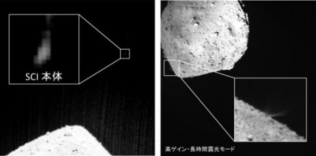 Сперва зонд спустил на поверхность астероида несколько прыгоходов – компактных роботов, изучивших его поверхность. Затем аппарат максимально сблизился с Рюгу, выстрелил в него танталовой пулей и собрал поднявшиеся в космос частицы его грунта. Однако самая «экстремальная» часть миссии зонда заключалась в сбросе настоящей бомбы на космический объект. Эту операцию аппарат как раз и провел 5 апреля этого года.
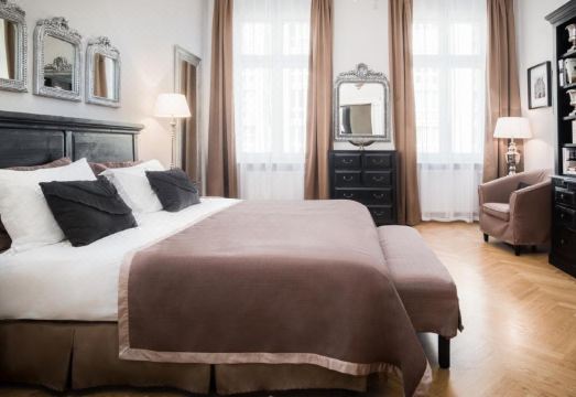 Housed within a historic building, Palacina Berlin boasts elegantly appointed apartments featuring a harmonious blend of antique-style and modern furnishings. Each apartment exudes charm and comfort, with amenities such as a luxurious marble bathroom, a flat-screen TV, and exclusive access to a serene courtyard and a rooftop terrace.
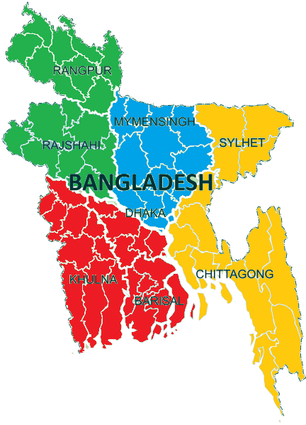 라지샤히 | 8 | 보구라, 자이푸르하트, 나오가온, 나토르, 나와브간지, 파브나, 라지샤히, 시라즈간지 |
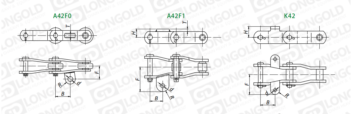 鏈板為直板型,帶A42附件或K42附件。
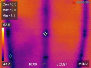 In the beginning of this piece, I mentioned that I regret not installing the CI on my home. This thermal image of my family room shows why. I improved the cavity insulation from R-7 (the original insulation installed in the early 1950’s) to R-15, more than doubling the R-value. On top of that, I installed a smart vapor retarder which is well air sealed. This work did improve the overall performance of the home, but the structure still isn’t as comfortable as I was hoping during cold weather. The thermal image (the darker areas on the studs are the fasteners used to secure the drywall) was taken with a difference between indoor and outdoor temperatures of 90°F, the outdoor temp was -15°F. Cold, but it can be worse in my area. The average temperature of this west facing wall was in the low 50’s, cold enough to feel the heat leaving your body and moving to the cooler wall, that comfort thing. That extra R-10 sure would be nice…
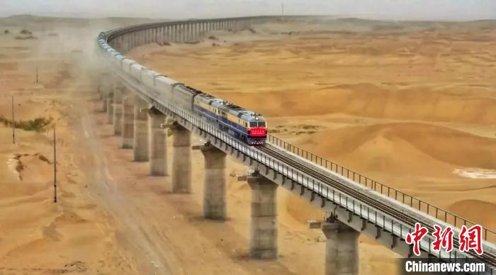 奔跑在塔克拉瑪干沙漠沙漠里和若鐵路上的列車。資料圖 新疆鐵路部門(mén)供圖
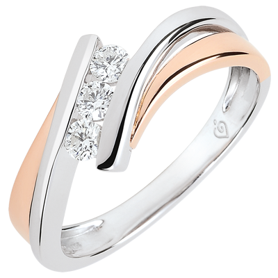 Pierścionek zaręczynowy Drogocenne Gniazdo - Trzy diamenty – duży model - różowe złoto i białe złoto 9-karatowe
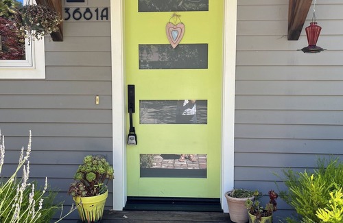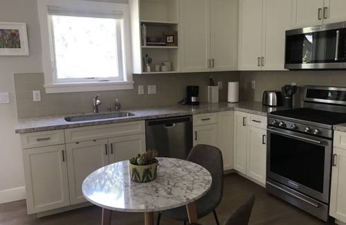 Built in 2018, this beautiful cottage has new appliances including washer/dryer. It's located on a quiet sunny lot near a creek, and has off street parking. Clean lines, and uncluttered living space are paired with all the essentials needed for cooking a meal at home. TV, WiFi, and internet are included. Enjoy the outdoors on the private shaded patio.
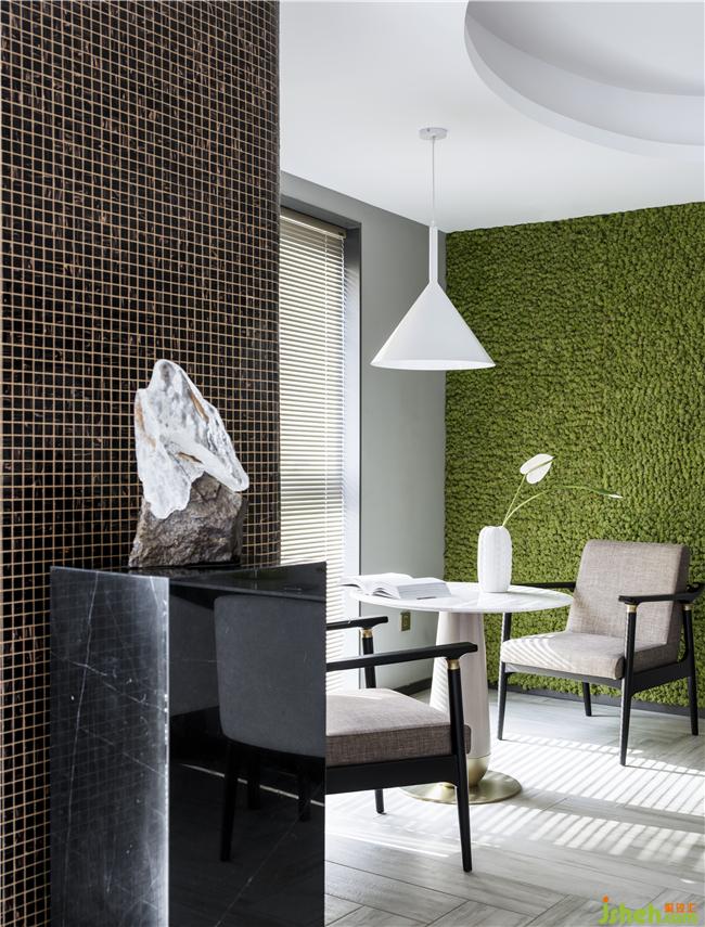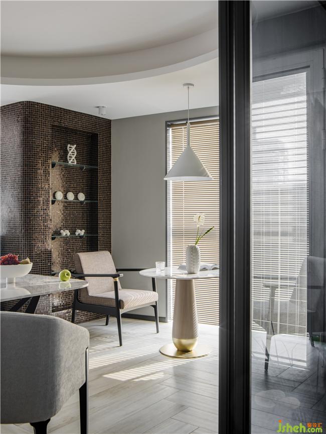 休閑區(qū)茶室的設計非常清雅,這樣一方愜意的角落,姣好的采光讓空間沐浴在陽光之下,十分通透,閑暇之時泡一壺香醇的普洱茶,在茶水的清香中領略生活的真趣。
______
Exercise goal »
In the answer, the data should reappear exactly, with no pictures.

Exercise result »
 Сперва зонд спустил на поверхность астероида несколько прыгоходов – компактных роботов, изучивших его поверхность. Затем аппарат максимально сблизился с Рюгу, выстрелил в него танталовой пулей и собрал поднявшиеся в космос частицы его грунта. Однако самая «экстремальная» часть миссии зонда заключалась в сбросе настоящей бомбы на космический объект. Эту операцию аппарат как раз и провел 5 апреля этого года.
 Housed within a historic building, Palacina Berlin boasts elegantly appointed apartments featuring a harmonious blend of antique-style and modern furnishings. Each apartment exudes charm and comfort, with amenities such as a luxurious marble bathroom, a flat-screen TV, and exclusive access to a serene courtyard and a rooftop terrace.
 라지샤히 | 8 | 보구라, 자이푸르하트, 나오가온, 나토르, 나와브간지, 파브나, 라지샤히, 시라즈간지 |
 鏈板為直板型,帶A42附件或K42附件。
 In the beginning of this piece, I mentioned that I regret not installing the CI on my home. This thermal image of my family room shows why. I improved the cavity insulation from R-7 (the original insulation installed in the early 1950’s) to R-15, more than doubling the R-value. On top of that, I installed a smart vapor retarder which is well air sealed. This work did improve the overall performance of the home, but the structure still isn’t as comfortable as I was hoping during cold weather. The thermal image (the darker areas on the studs are the fasteners used to secure the drywall) was taken with a difference between indoor and outdoor temperatures of 90°F, the outdoor temp was -15°F. Cold, but it can be worse in my area. The average temperature of this west facing wall was in the low 50’s, cold enough to feel the heat leaving your body and moving to the cooler wall, that comfort thing. That extra R-10 sure would be nice…
 奔跑在塔克拉瑪干沙漠沙漠里和若鐵路上的列車。資料圖 新疆鐵路部門(mén)供圖
 Pierścionek zaręczynowy Drogocenne Gniazdo - Trzy diamenty – duży model - różowe złoto i białe złoto 9-karatowe
 Built in 2018, this beautiful cottage has new appliances including washer/dryer. It's located on a quiet sunny lot near a creek, and has off street parking. Clean lines, and uncluttered living space are paired with all the essentials needed for cooking a meal at home. TV, WiFi, and internet are included. Enjoy the outdoors on the private shaded patio.
 休閑區(qū)茶室的設計非常清雅,這樣一方愜意的角落,姣好的采光讓空間沐浴在陽光之下,十分通透,閑暇之時泡一壺香醇的普洱茶,在茶水的清香中領略生活的真趣。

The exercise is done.